___ Given data ___

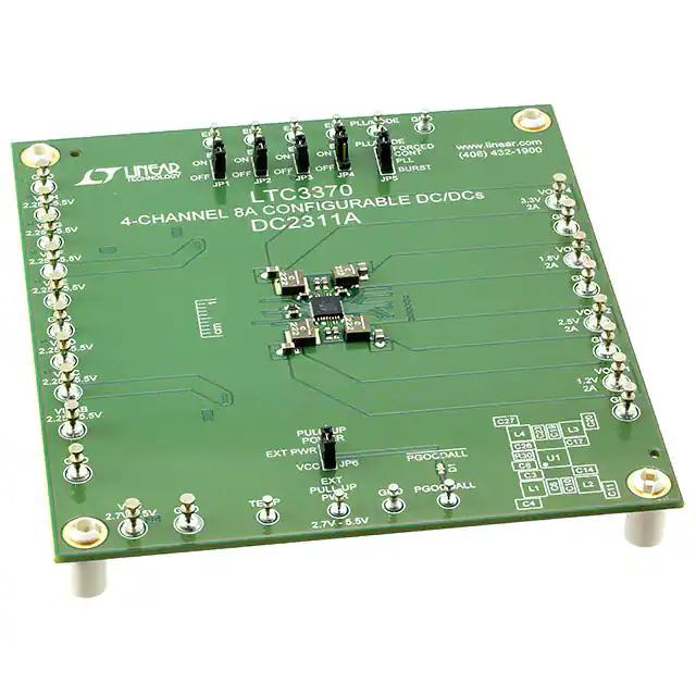 This is manufactured by Analog Devices Inc.. The manufacturer part number is DC2311A. Basic Purpose: dc/dc, step down. It is assigned with possible HTSUS value of 8473.30.1180. The product is rohs3 compliant. The possible product's input voltage is 2.7v ~ 5.5v. The switching frequency of the standard product is 2mhz. In addition, it is reach unaffected. While, the output current includes 2a, 2a, 2a, 2a. It is a fully populated type. It is shipped in box. Its typical moisture sensitivity level is 1 (unlimited). It has a long 8 weeks standard lead time. The product offers buck regulator topology. Additionally, [Utilised IC / Part] is the used part of the product. Furthermore, the output voltage is 1.2v, 1.8v, 2.5v, 3.3v. The product is also supplied with contents, such as board(s). The product is designated with the ear99 code number Moreover, it corresponds to dc2311, a base product number of the product. The output and type include 4, non-isolated.
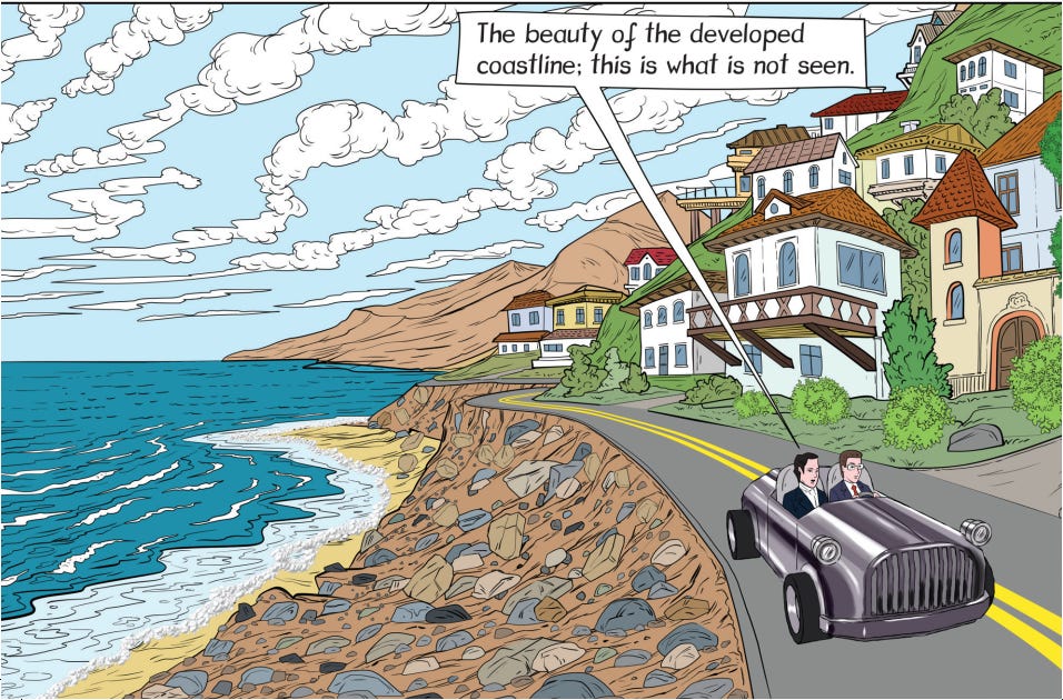 The epiphany that convinced me to write Build, Baby, Build: Instead of trying to argue people out of their aesthetic pessimism, I should use the graphic novel format to fight aesthetics with aesthetics — to show readers the beautiful unseen world that government forbids. And that’s why the fifth chapter of the book resurrects the great Bastiat as a co‐narrator.
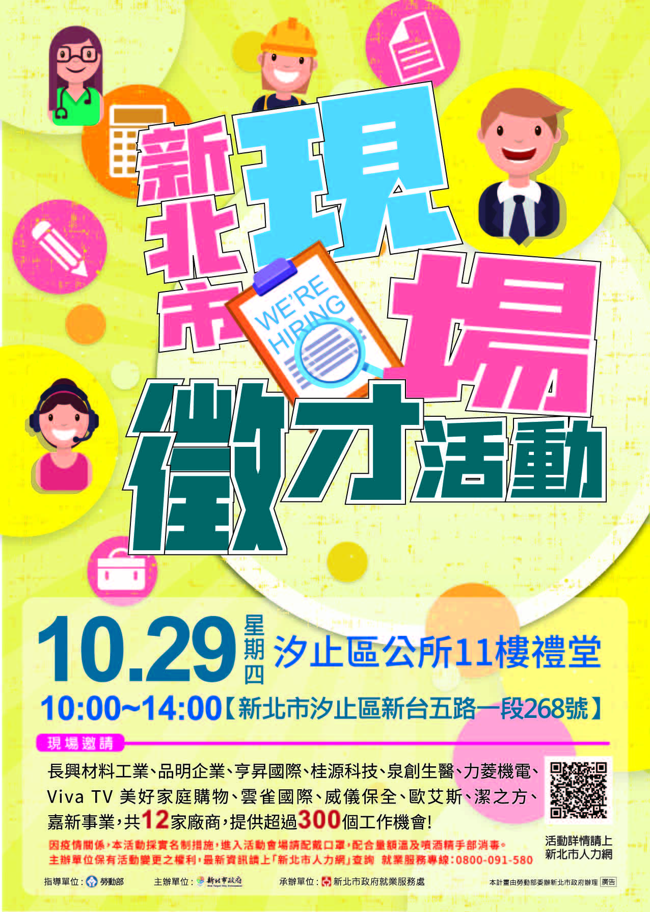 (一) 北市政府就業服務處於10月29日(四)早上10點至下午2點在汐止區公所11樓禮堂,舉辦「2020新北市現場徵才活動」,現場邀請12家知名廠商,提供3百多個工作職缺,歡迎求職者踴躍參加。。
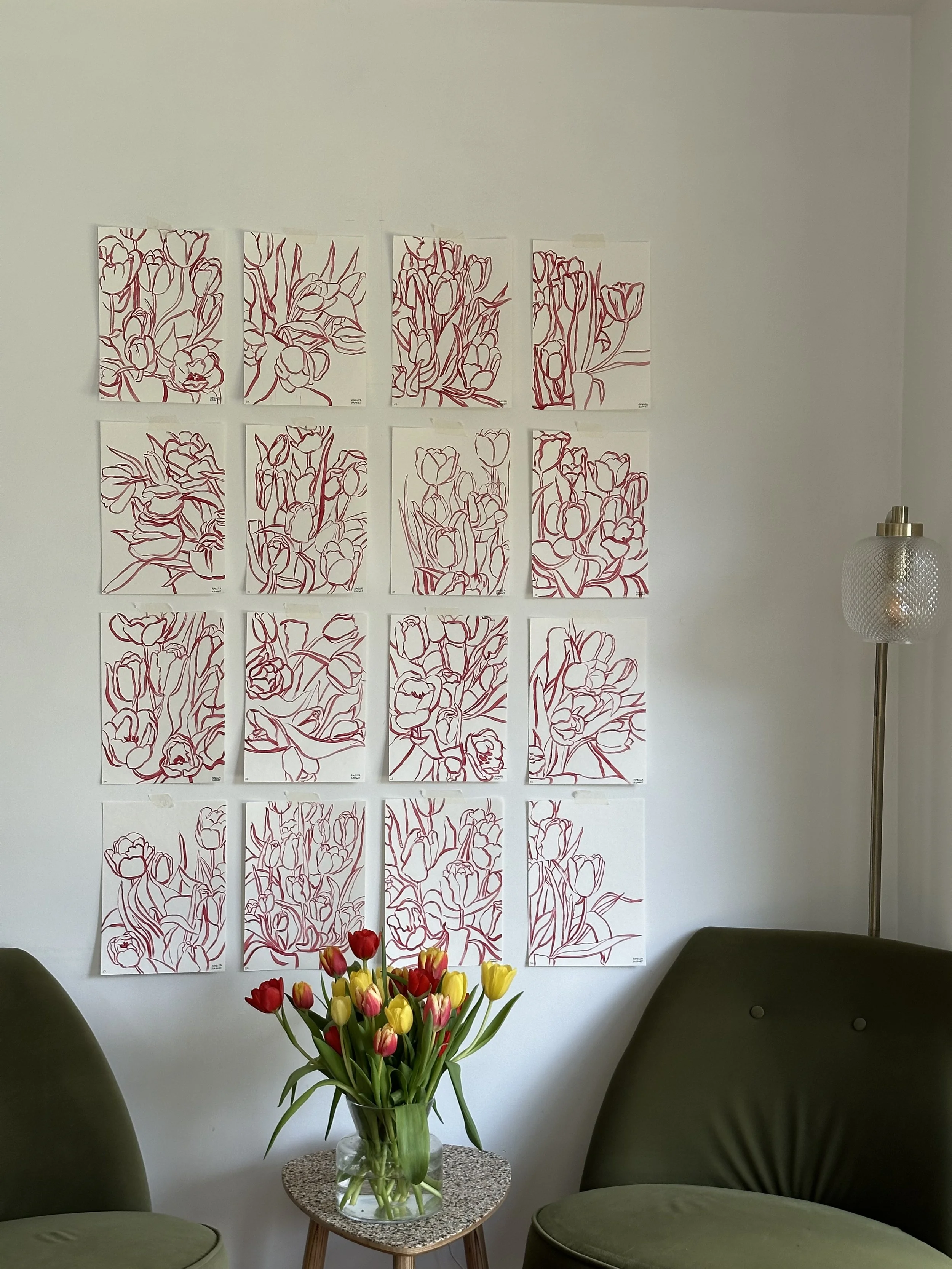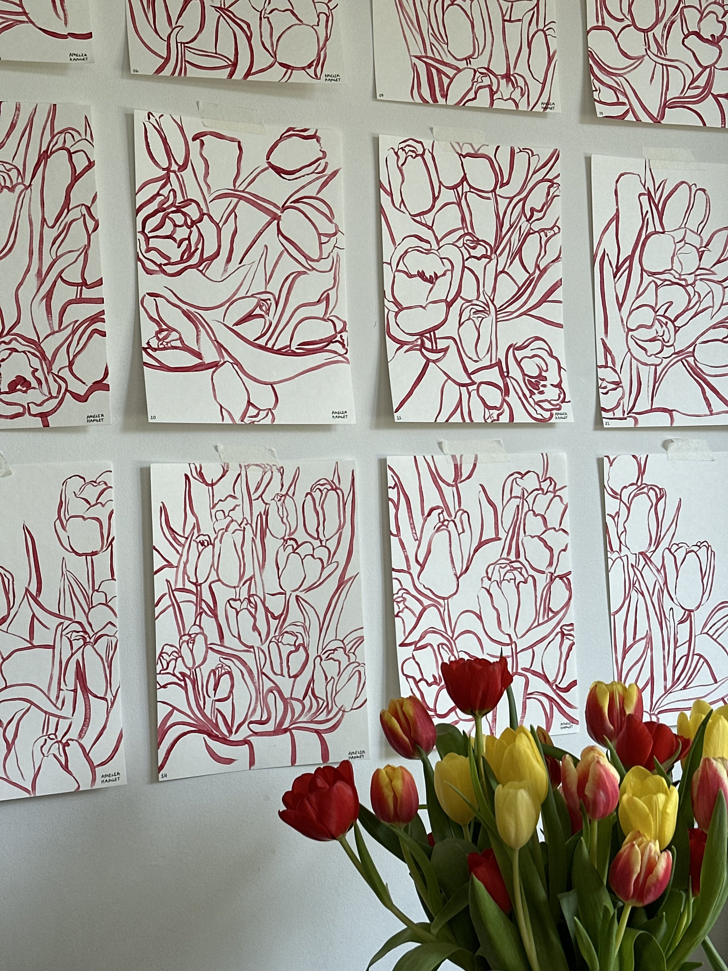 a small collection of 16 original paintings, all inspired by the same bunch of tulips and developed from my earlier tulip studies.
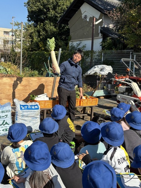 3年生は先週の金曜日に大根ほりに出かけました。畑では、大根の育て方など説明を受け、大きな大根を収穫させていただきました。今日は、大平農園さんに見学に行きました。事前にどんな仕事をしているのか、育てる工夫はどんなことがあるかなど質問や予想をしてからインタビューをしました。世田谷育ちの野菜はとても貴重なこと、朝市で販売していることなどを教えていただきました。「農家さんの仕事はいつも天気を気にしていなければいけないんだね。」「手作業で行うことと、機械を使って作業することもあるんだね。」と農家さんの仕事について詳しく知ることができました。大平農園さん、ありがとうございました。
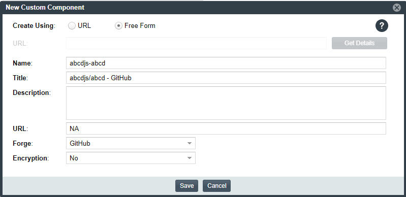 If the forge you entered is not one of the supported domains, the New Custom Component window opens, showing the Forge field automatically populated with the forge type you selected.
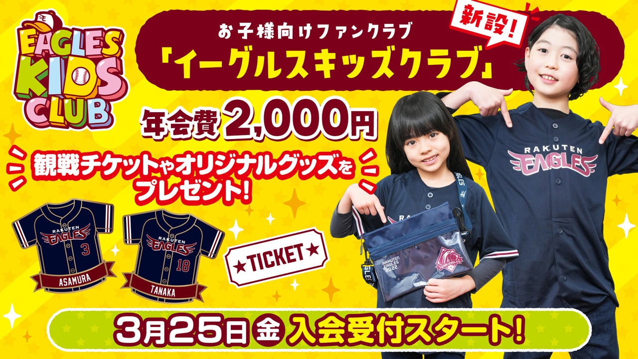 株式会社楽天野球団(本社:宮城県仙台市宮城野区、代表取締役社長:米田 陽介)は、開幕戦となる3月25日(金)より、お子様向けファンクラブとして新設した「イーグルスキッズクラブ」の入会受付を開始することとなりましたので、お知らせいたします。
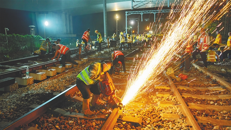2024年11月12日,位于海口市粤海大道1号的海口站,300多名工人在深夜里开展铁轨切割、拨移与连通等作业。这是海口南港“二线口岸”(普铁旅客)查验设施建设的关键环节,该口岸是海南岛内外联通的重要枢纽,对海南全岛封关运作意义重大。
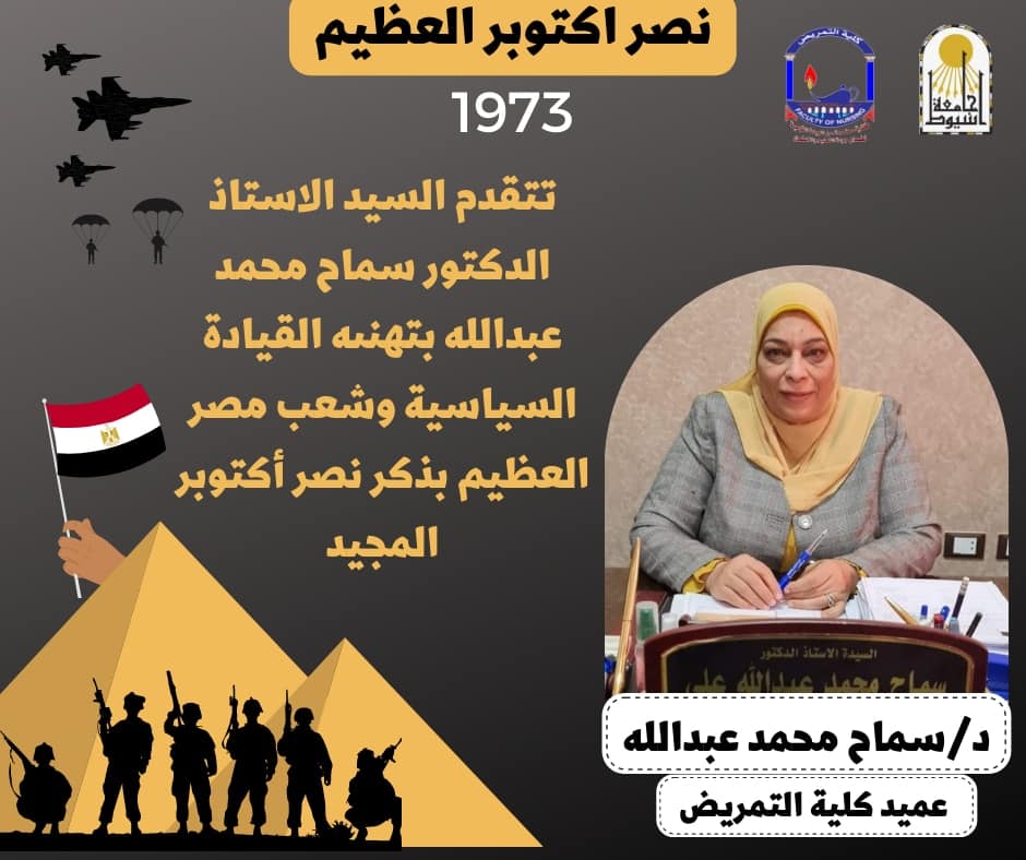 تتقدم السيد الأستاذ الدكتور/ سماح محمد عبدالله عميد الكلية بتهنئة القيادة السياسية وشعب مصر العظيم بذكر بنصر أكتوبر المجيد 6 أكتوبر 2022 كل عام ومصر في عزة ونصر تحية إعزاز لشهداء مصر الأبرار تحية لشعب مصر وجيشها العظيم
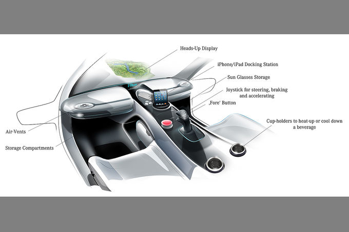 Für Info- und Entertainment sorgt das eigene iPhone oder iPad, das an einer drehbaren Dockingstation angebracht wird. Dort wird von Lautsprecher, Klimaanlage über Head-Up Display sowie die Multi-Media-Anlage alles geregelt.
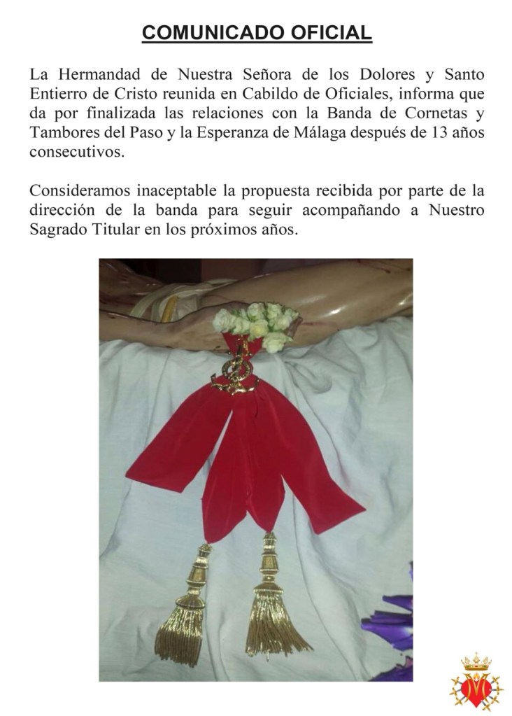 La pasada noche del domingo 16 de octubre, la Hermandad del Santo Entierro de Pedrera publicó un comunicado en el que anunciaba la no renovación de la Banda de Cornetas y Tambores del Paso y Esperanza de Málaga para el próximo Sábado Santo de 2023. El comunicado no se queda ahí, citamos palabras textuales de la propia hermandad: «Consideramos inaceptable la propuesta recibida por parte de la dirección de la banda para seguir acompañando a Nuestro Sagrado Titular los próximos años«
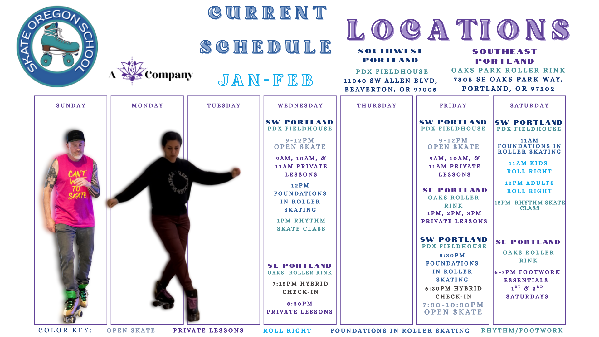 Currently you can find our classes in Beaverton at PDX Fieldhouse off of Rte 217 and SW Allen Blvd. Come in your protective gear and own skates ready to have a great time.

___

_What the task requires:_
Find the line with "a small collection" and the line with "If the forge" in the records above. Copy both and all lines between them exactly, without pictures.

_Answer space:_
 a small collection of 16 original paintings, all inspired by the same bunch of tulips and developed from my earlier tulip studies.
 3年生は先週の金曜日に大根ほりに出かけました。畑では、大根の育て方など説明を受け、大きな大根を収穫させていただきました。今日は、大平農園さんに見学に行きました。事前にどんな仕事をしているのか、育てる工夫はどんなことがあるかなど質問や予想をしてからインタビューをしました。世田谷育ちの野菜はとても貴重なこと、朝市で販売していることなどを教えていただきました。「農家さんの仕事はいつも天気を気にしていなければいけないんだね。」「手作業で行うことと、機械を使って作業することもあるんだね。」と農家さんの仕事について詳しく知ることができました。大平農園さん、ありがとうございました。
 If the forge you entered is not one of the supported domains, the New Custom Component window opens, showing the Forge field automatically populated with the forge type you selected.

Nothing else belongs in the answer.